Fig 6. Genome-wide coverage of predicted ancient introgression.
Each bar shows total average coverage for a haploid genome, with darker shading (at bottom) representing homozygous calls. Solid bars are for autosomes, and striped bars for chromosome X. Predictions were based on a posterior probability cutoff of 0.5.
As noted, there is a well-known depletion on the X chromosome of archaic introgression into humans. By contrast, we observe high coverage of Hum→Nea introgression on the X chromosome for both the Altai and Vindija samples. Indeed, the coverage is somewhat higher on the X chromosome than the autosomes. However, this difference is likely due in large part to increased power on the X; simulations suggest that power will be ∼20% higher for this event when effective population sizes are multiplied by 0.75 (S4 Fig). Nevertheless, we observe considerable variation in detected introgression across the chromosomes, and several autosomal chromosomes have higher predicted coverage than the X, including chromosomes 1, 6, 21, and 22 (S3 Fig).

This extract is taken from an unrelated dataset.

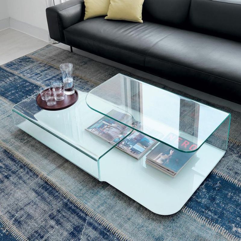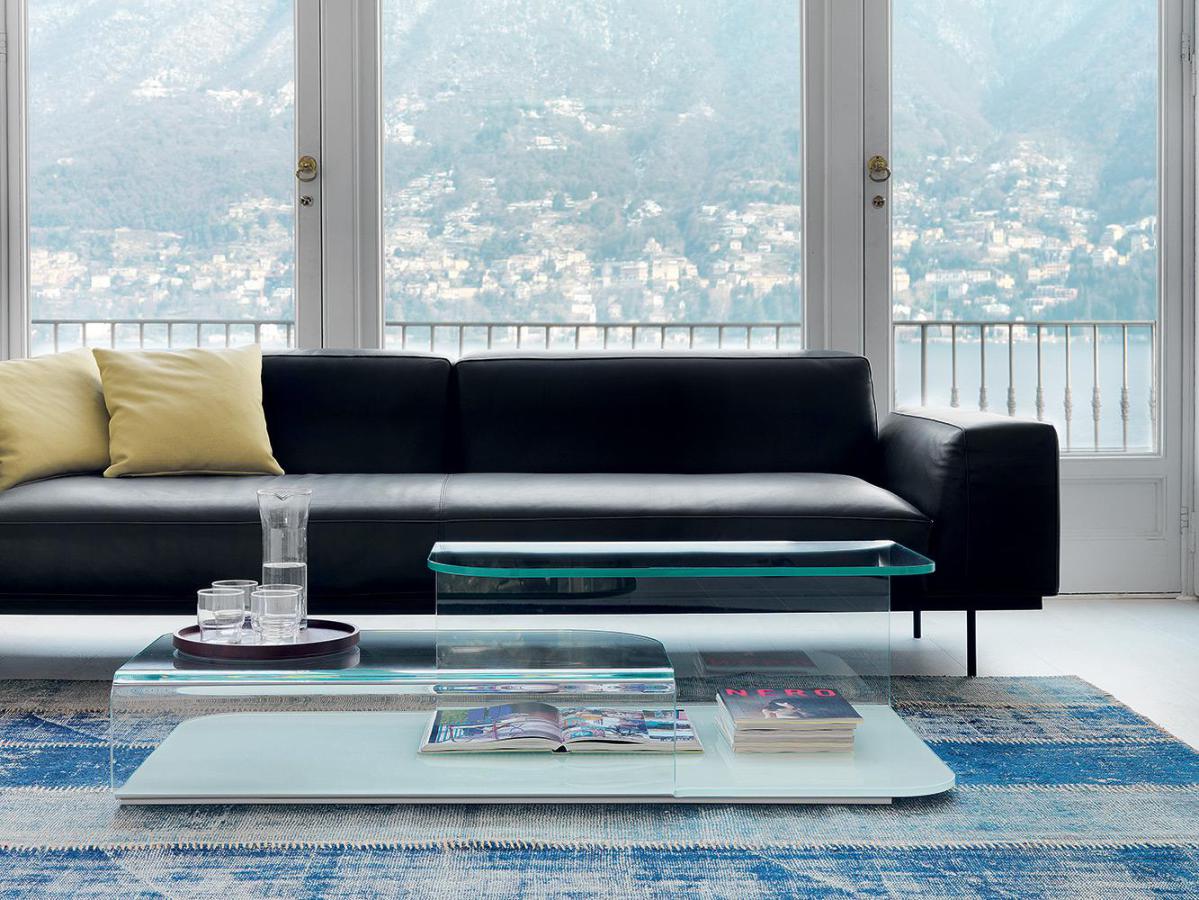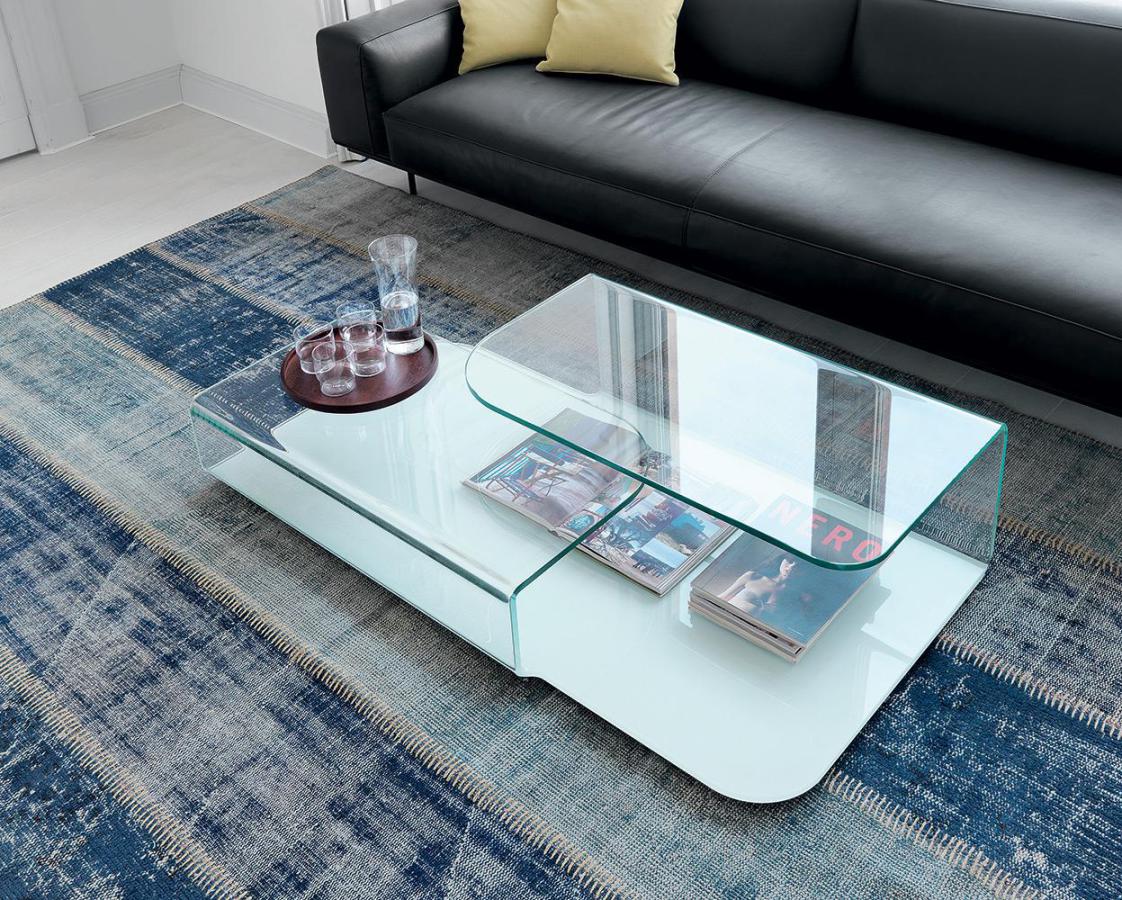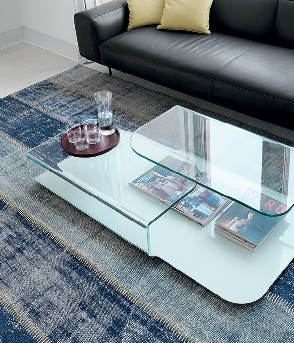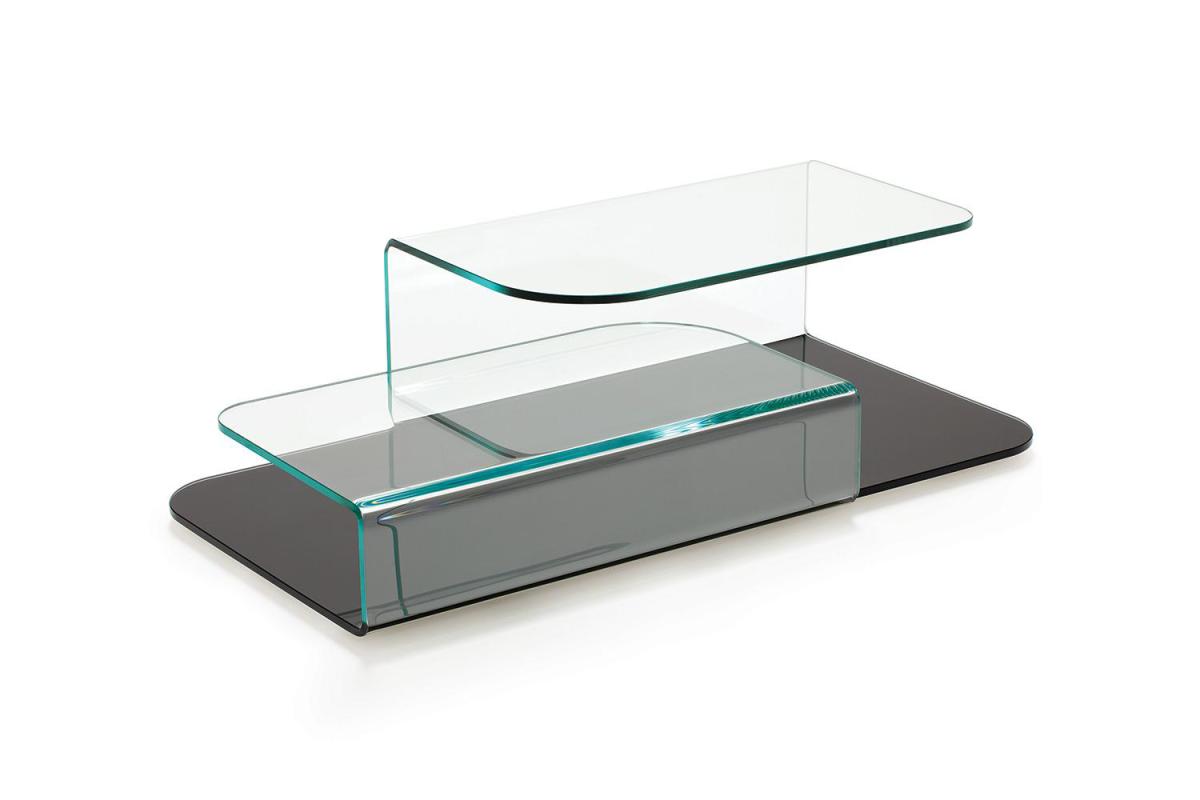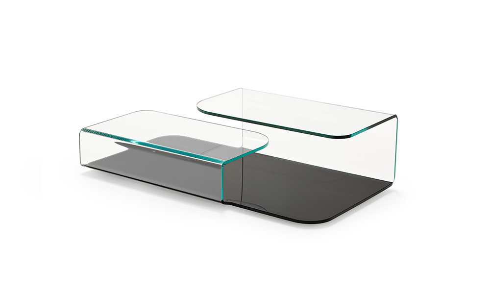 Elegantní konferenční stůl Hug je tvořený odkládacími deskami dvou výšek z ohýbaného skla. Lakovaná spodní základna mnoha barevných odstínů.

Although the Vindija sample is younger by 70kya than the Altai sample [9], it shows no depletion of human ancestry on the autosomes, suggesting that negative selection did not cause a significant loss of human introgressed regions during that interval. However, some individual chromosomes do show decreases in coverage from Altai to Vindija, with the largest drop on the X chromosome (S3 Fig).

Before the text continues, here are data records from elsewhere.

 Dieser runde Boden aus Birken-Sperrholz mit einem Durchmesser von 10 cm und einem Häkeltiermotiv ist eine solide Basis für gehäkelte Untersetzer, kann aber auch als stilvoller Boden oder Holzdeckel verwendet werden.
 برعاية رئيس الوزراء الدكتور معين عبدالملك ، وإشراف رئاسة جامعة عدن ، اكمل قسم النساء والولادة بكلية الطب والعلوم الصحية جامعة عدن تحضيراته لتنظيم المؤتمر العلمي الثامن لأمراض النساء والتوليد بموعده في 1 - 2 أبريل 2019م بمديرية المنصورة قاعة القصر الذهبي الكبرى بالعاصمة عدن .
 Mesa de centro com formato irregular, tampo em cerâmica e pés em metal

Other migration events are detected at lower levels. We identify 1% of the Denisovan genome as introgressed from a super-archaic hominin—roughly double the estimated false positive rate (0.49%) for this event. Our apparent weak power for these events (another group has estimated ∼6% introgression [9]) suggests that the super-archaic divergence may have been somewhat recent (perhaps closer to 1Mya than 1.5Mya). Still, this analysis resulted in 27Mb of sequence that may represent a partial genome sequence from a previously unsequenced archaic hominin. In addition, ARGweaver-D predicted that a small fraction of the Neanderthal genomes is introgressed from a super-archaic hominin (0.75% for Altai and 0.70% for Vindija), an event that has not been previously hypothesized. However, these fractions only slightly exceed the estimated false positive rate (0.65%), so these results are likely dominated by spurious predictions.

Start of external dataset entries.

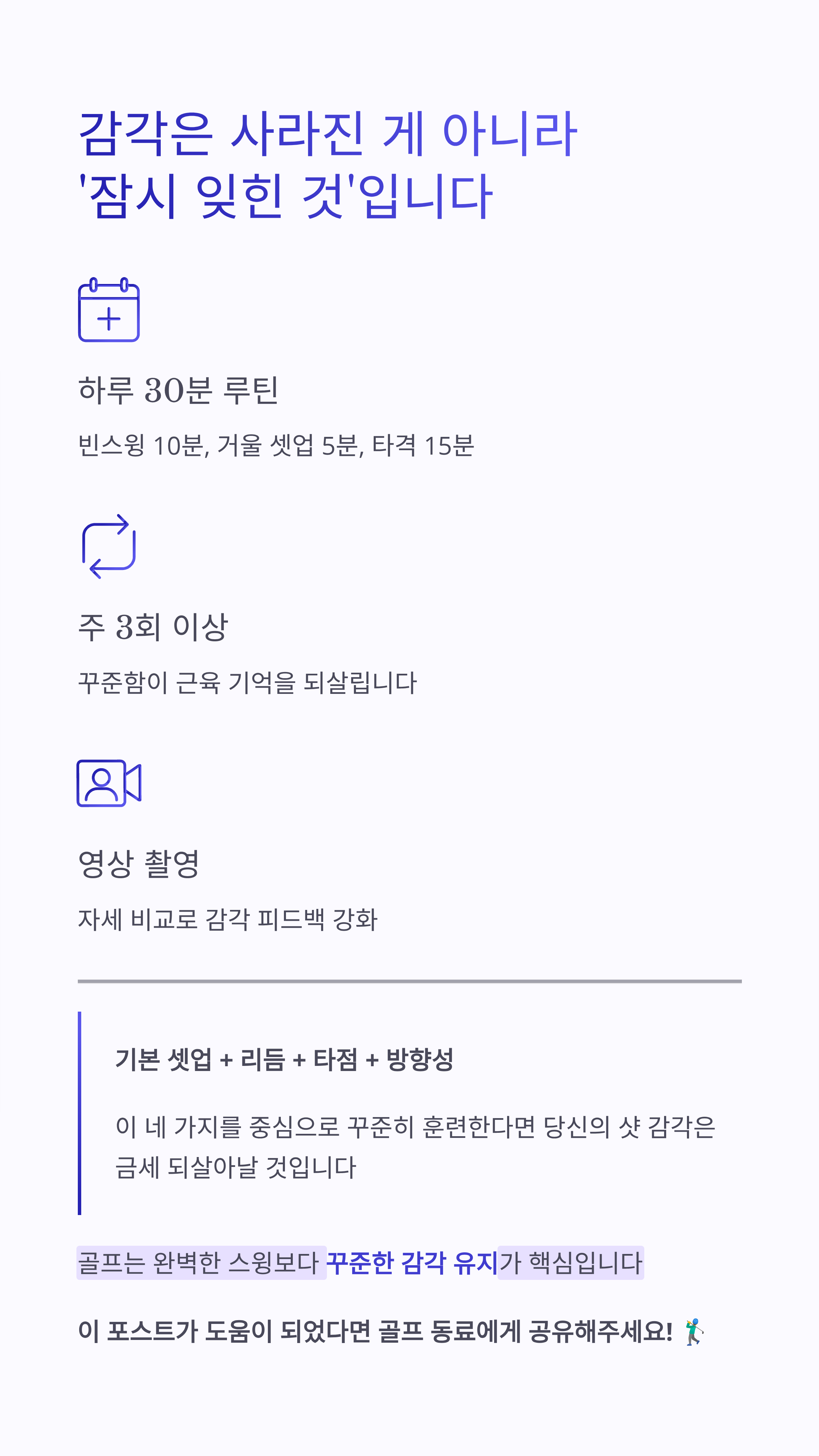골프는 완벽한 스윙보다 꾸준한 감각 유지가 핵심입니다.
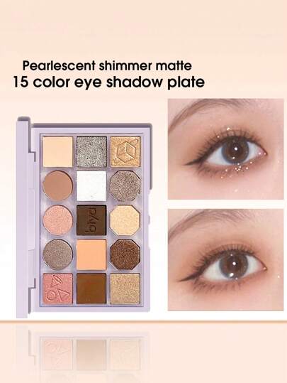 Biya 15色眼影盤,珠光珠光啞光眼妝託盤眼影袖珍持久眼妝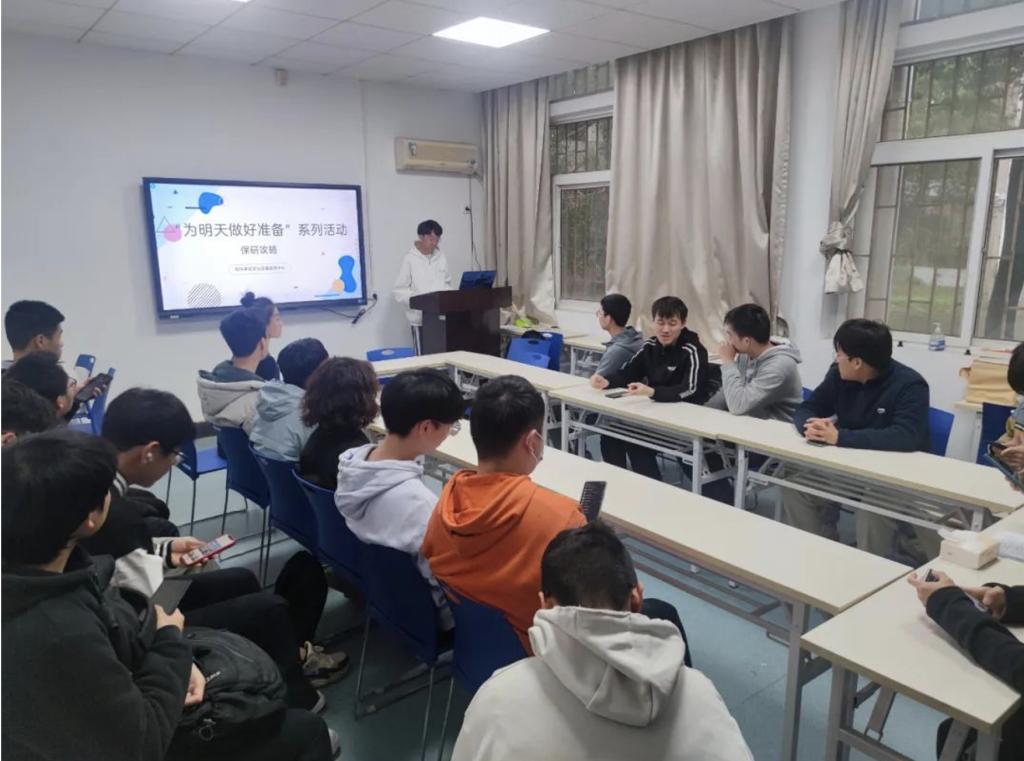 最后,考研篇“一研为定”中,辅导员马冰茜介绍了历年来学长们的考研成果与去向,段磊、欧阳赟、李郅烨学长们介绍了备考的重点和技巧,并强调了坚持规划、合理安排时间和保持坚持的决心。他们还提醒我们要善于总结经验,不断调整学习方法,以便在考试中取得优异的成绩。

The Sup→Den events (and perhaps Sup→Nea events) raise the possibility that super-archaic-derived sequences could have been passed, in turn, to modern humans through subsequent Den→Hum (or Nea→Hum) migration events. To explore this possibility, we intersected the predicted regions with introgression predictions in modern humans across the full SGDP data set (details in S1 Text). We found that most Sup→Den and Sup→Nea regions have higher-than-expected divergence to the Denisovans and Neanderthals (respectively) across all humans, and not just the two African humans analyzed by ARGweaver-D. In addition, 15% of the Sup→Den regions overlap with sequence introgressed into Asian and Oceanian individuals from Denisovans, and many of these regions also contain a high number of variants consistent with super-archaic introgression. We also observe that 35% of the Sup→Nea regions are introgressed in at least one modern-day non-African human. Notably, one region of hg19 (chr6:8450001-8563749) appears to be Neanderthal-introgressed and also overlaps a Sup→Nea region. A complete list of Sup→Den and Sup→Nea regions that overlap human introgressed regions, and the genes that fall in these regions, is available in S1 and S2 Tables.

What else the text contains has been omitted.